Introduction: Build the BandBlinker - 120v Audio Trigger on the Cheap.
To help compliment the BandBlinder, a cheap but good working stage light kit for a friend's band, I've also created the BandBlinker, an audio trigger for the light kit made with inexpensive, easy to find parts.
Step 1: Gather Materials
The materials for this audio trigger should be pretty easy to source. Radio Shack, a hardware store, and an auto parts store should have everything you need between them. The materials you need are as follows:
1x sound triggered car effects light with adjustment dial
1x shallow "new work" wall gang box
1x three prong wall outlet
1x wall outlet cover plate
1x 12v relay (the higher the amperage it can handle the better off you'll be)
1x project box (to hold control circuit)
1x computer power cord (the thicker its wire the better)
1x 12v AC adapter
knife/ dremel (to work cases and open the light)
Step 2: Deciphering the Light Controller
To get the trigger you need for the later steps, you must first figure out where you're triggering line on the effects light is. First use the knife or dremel to remove the back of the case which holds the circuit board for the light. *BE CAREFUL* the light itself is powered by a high voltage transformer that steps up the 12v the light is fed to what is probably a few thousand volts.
That being said, hook the light's power wires to the lines coming from the 12v AC adapter, making sure you can make the light function as it's meant to, usually with a normally on, and variable sensetivity audio triggered mode.
Now get your multimeter, set the light to a sensetivity that you can trigger it with your voice, and probe for a spot on the board (probably somewhere near the middle) that is at 12v when the light is on, and 0v when the light's off. these two points are what you will attach the coil of the relay to later on. You may want to mark them for later reference. Different brands of lights will likely have different boards, but the concept of how they work should be similar enough for our purposes.

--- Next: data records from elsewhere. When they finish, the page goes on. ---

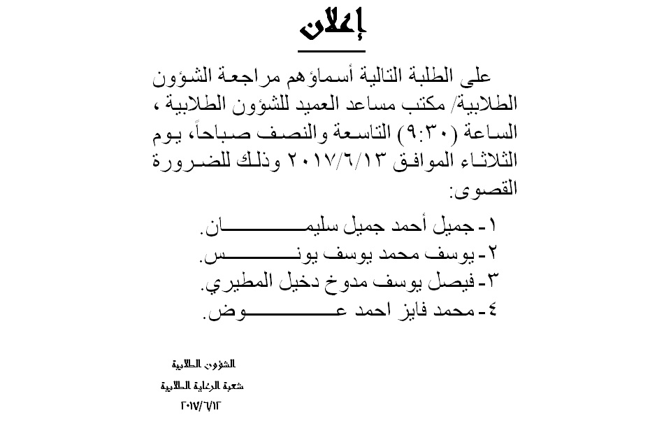 إعـــلان هام لتسليــم وثائـــق الطلبـــة المستجــديــن بواسطة
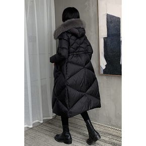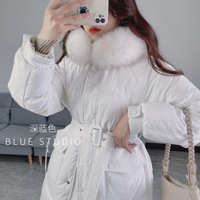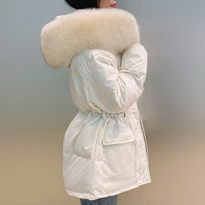 反季羽绒服女2021年新款冬中长款白鸭绒大毛领收腰...
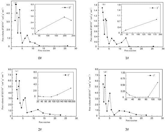 Figure 2 shows pore size distribution of the crumb rubber with different percentages of H2O2 respectively. It can be seen that the pore size distribution of rubber powder is more complex, and the pore size distribution is mainly concentrated in the range of 1.73–237.40 nm, with a peak value in the range of pore sizes less than 15 nm. The first peak value of the pore volume appears at a pore size of approximately 2 nm for all four samples, and the second peak value appears at a pore size in the range of 3 to 4 nm. In the range of 5 to 15 nm, the pore size distribution curve of the 0# sample only shows a peak at approximately 7.5 nm, while the other three samples show two peaks but the peak values are relatively small. The pore size of 0# and 1# samples begin to increase when the pore size is larger than 25 nm, and the pore size of the 2# and 3# samples begin to increase when the pore size is larger than 80 nm, while the critical value of the pore size growth is greater than that of the 0# and 1# sample. All samples exhibit the largest peak values in the range of 2 to 4 nm over the entire pore size distribution range, indicating that the pore proportion of the crumb rubber is the largest in the pore size range of 2 to 4 nm.
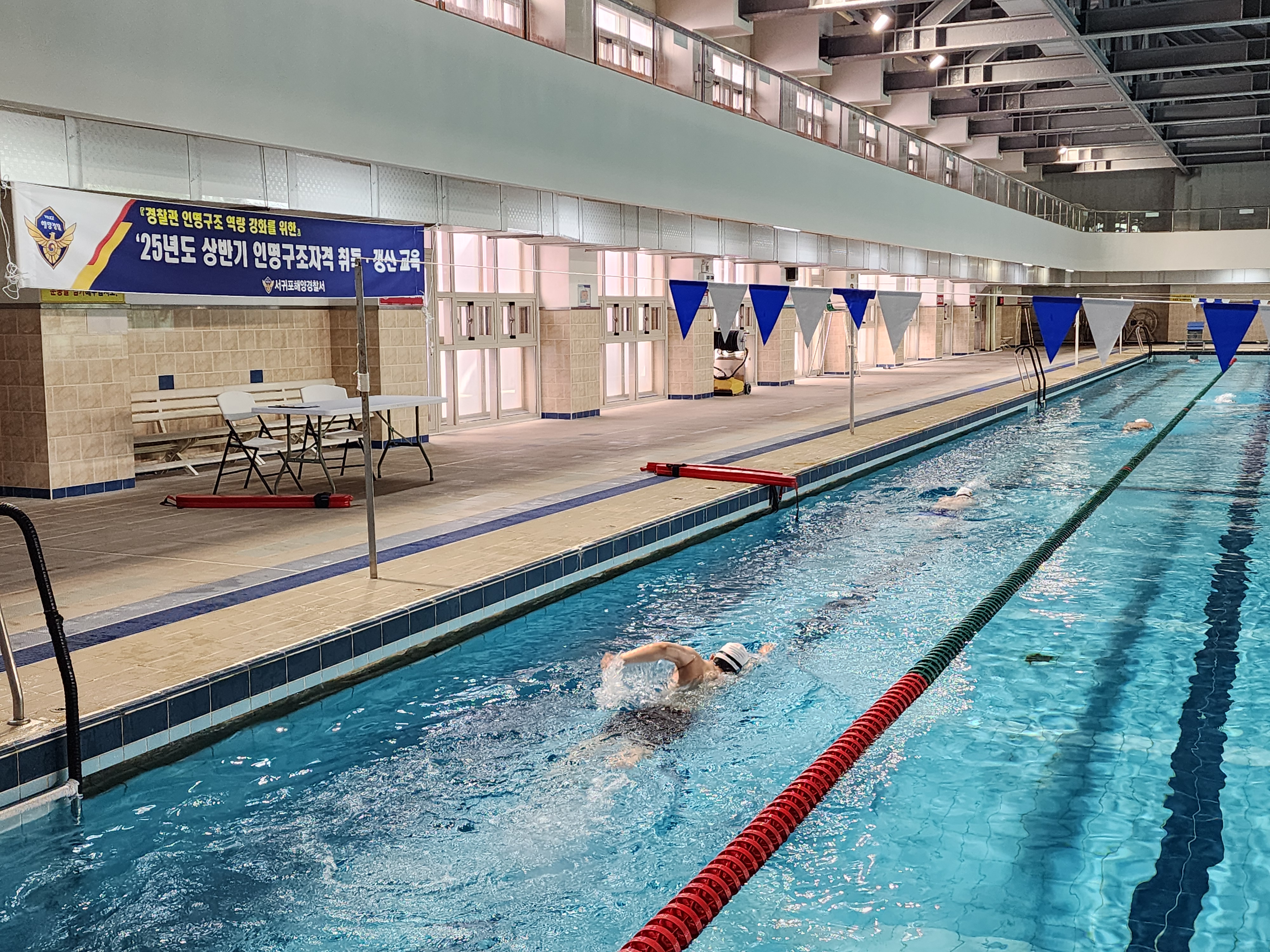 서귀포해양경찰서(서장 김서구)는 어제(14일)부터 오는 25일까지 경찰관 인명구조 역량 강화를 위해 소속 경찰관 73명을 대상으로 인명구조요원 자격 취득․갱신 교육을 진행한다고 밝혔다.
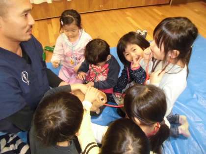 4名の獣医さんと,4羽のウサギさんが来てくれました。獣医さんの仕事やウサギさんのことについて質問をしたり,ウサギさんを抱っこしたり,心音を聞いたりしました。子どもたちは,「ふわふわ!」「心臓の音が速い!」「かわいいね!」と言いながら,ウサギさんとのふれあいを楽しみました。
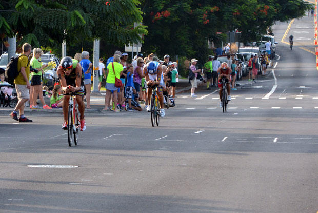 Jordan Rapp, Andreas Raelert and TJ Tollakson heading towards the Queen K from the in-town turnaround. By Bill Greentree
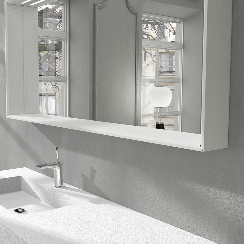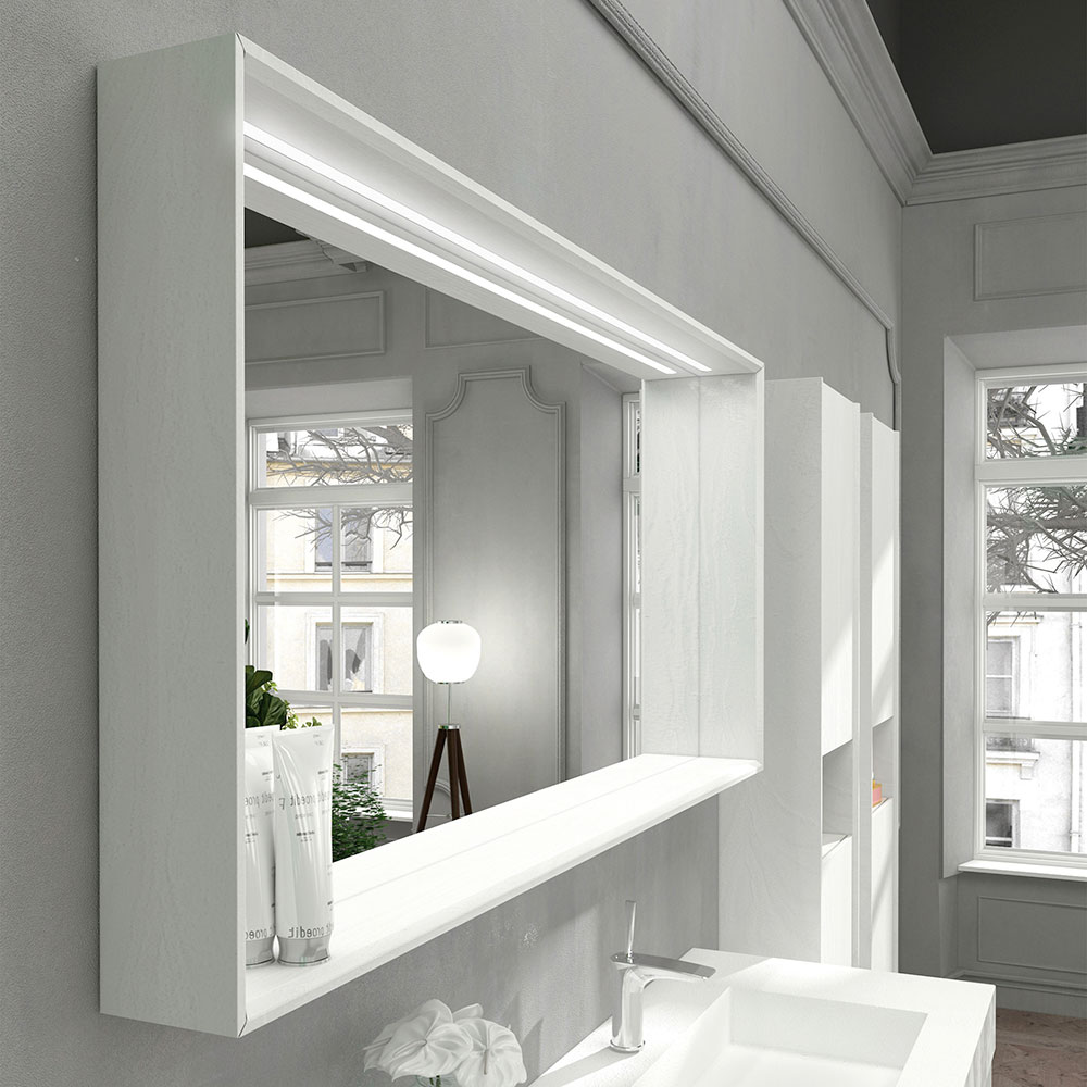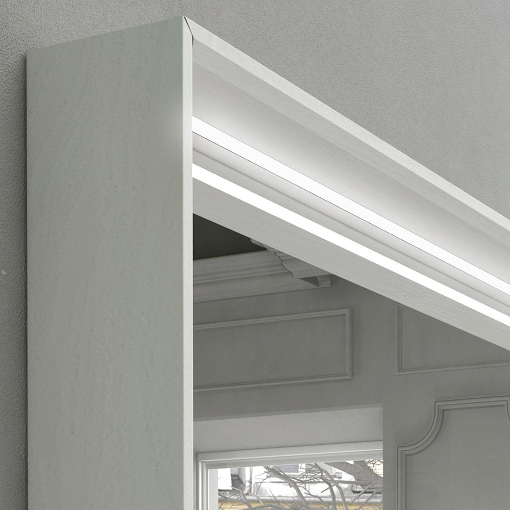 Rektangulært vægspejl til badeværelse med LED-lys og hvid trækant, luksus lavet i Italien.

Step 3: Much Bashing and Breaking
Now it's time to have a little destructive fun. disconnect the AC adapter from the wall, and excise the board that lives inside it. We want the board out of it's "wall wart" case so that it can be more easily fit into our project box later on. I've done this many times, and the easiest way i know is to cut the wire off as close to the case of the AC adapter as you can, push the rest of the rubber stress relief into the case, then use needle nose plyers to tear chunks of plastic off until you're able to get the board out. Try to work along the seam of the case. Be careful to not hit or otherwise damage things inside the wall wart as the temptation to hit it with a hammer becomes intoxicating depending on how well the adapter you're gutting is glued together.
Alternatively, you could also just add a barrel plug to your project box and use the adapter as is, but it's not as slick if you have to use two outlets to power this box now is it?
Now that you have the power source for your light's board laid bare, you'll want to do the same for the control board in your light as well. pull the board out of it's case, keeping about 6" of the the 12v power cord on, but cutting or desoldering the lines that feed the tube of the light itself. these are those high voltage ones we talked about earlier, and you want to make those as small a target for finger touching as possible.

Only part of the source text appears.